I would say 'simple' but I just re-read what I typed and it looks mental lol

Edit: just noticed that the PWM module also uses the postscale bits of TMR2 for an extra 2-bits, given a PWM of 10-bits. You don't need 10-bit PWM for an LCD backlight, but writing a new PWM period would use the postscale bits to compare. If you have your postscale bits set to 00, then its all good.

Also, maybe its just me but using PWM for lighting, be it a single LED, or an LCD backlight (I used it for both of them quite often), when the PWM duty cycle gets to around <20%, I see flicker if the frequency is less than 150Hz. Even at 200Hz, a slight turn of the head/eyes, with a low duty cycle and I can see it. Frankly it annoys me.

I may be 'odd', or jsut picky but I never use less than 400hz for lighting PWM, if the duty cycle is going to be very low, I either use interpolation to reduce the maximum off period, or up the frequency to 1kHz. Either can be done with an interrupt driven software PWM

Blueteeth said:

Also, maybe its just me but using PWM for lighting, be it a single LED, or an LCD backlight (I used it for both of them quite often), when the PWM duty cycle gets to around <20%, I see flicker if the frequency is less than 150Hz. Even at 200Hz, a slight turn of the head/eyes, with a low duty cycle and I can see it.
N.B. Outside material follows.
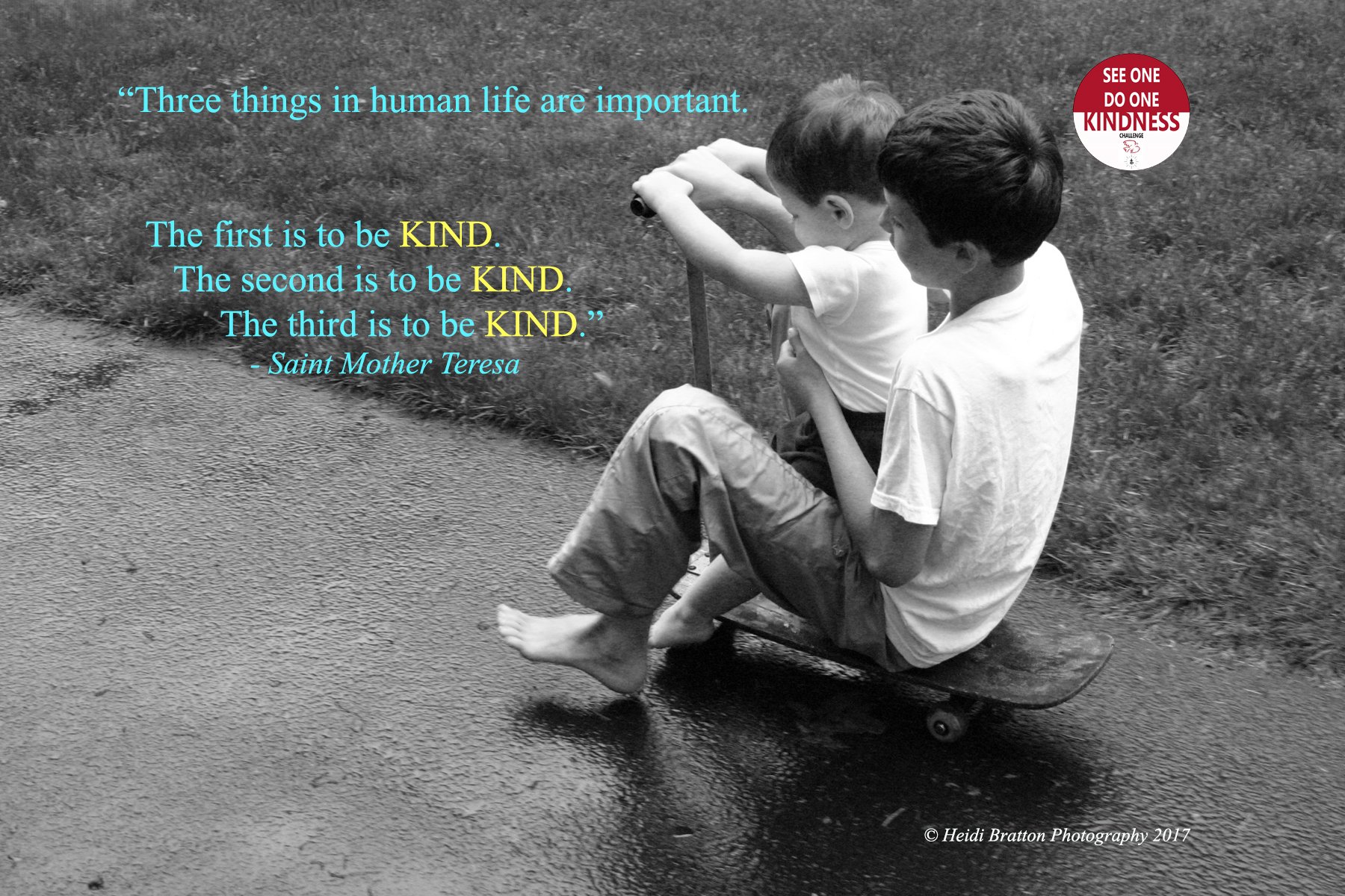 So what did St. Mother Teresa do differently that made her an internationally known epicenter of love and kindness? She understood that kindness begets more kindness. She operated out of the knowledge that kindness is not only like a balloon, but that it is also like an earthquake. The effect of kindness both lifts people up no matter what is clouding their everyday circumstances and radiates out, surges down the street from one person to the next, touching heart, minds, and hands with warmth and lightness. The uplifting, radiant, and encouraging natures of the virtue of kindness mean we don’t have to marshal a campaign and storm the streets with kindness in order to better the world around ourselves. St. Mother Teresa didn’t encourage anything of the sort. Instead she rhetorically asked and answered, “What can you do to promote world peace? Go home and love (be kind to) your family.” In treating our kin with kindness, those adorable, but pesky ones always crying out for our attention, we act on the belief that the kindness we show in our home will quickly radiate to and surely impact the whole world and that the opposite, unkindness, will do the same.

Frankly it annoys me.

I may be 'odd', or jsut picky but I never use less than 400hz for lighting PWM, if the duty cycle is going to be very low, I either use interpolation to reduce the maximum off period, or up the frequency to 1kHz. Either can be done with an interrupt driven software PWM

Click to expand...

I've managed to see LED flicker at 5 kHz and I agree that many PWM schemes exhibit really annoying flicker. Different people seem to have very different sensitivities to flicker. However, you can also use PWM at quite low frequencies and filter the output. I've found that as long as the current in the LED doesn't drop to zero, it can vary massively and it is very difficult to see any flicker. You certainly don't need to filter anywhere near as well as you would have to do for a power supply.

It's easier to detect PWM flicker with a tiny pinpoint of light (like a waterclear 3mm LED) when you move your eyes relative to the LED.

Flicker of a large area like a LCD backlight is much harder to detect and PWM freq >200Hz should be more than adequate.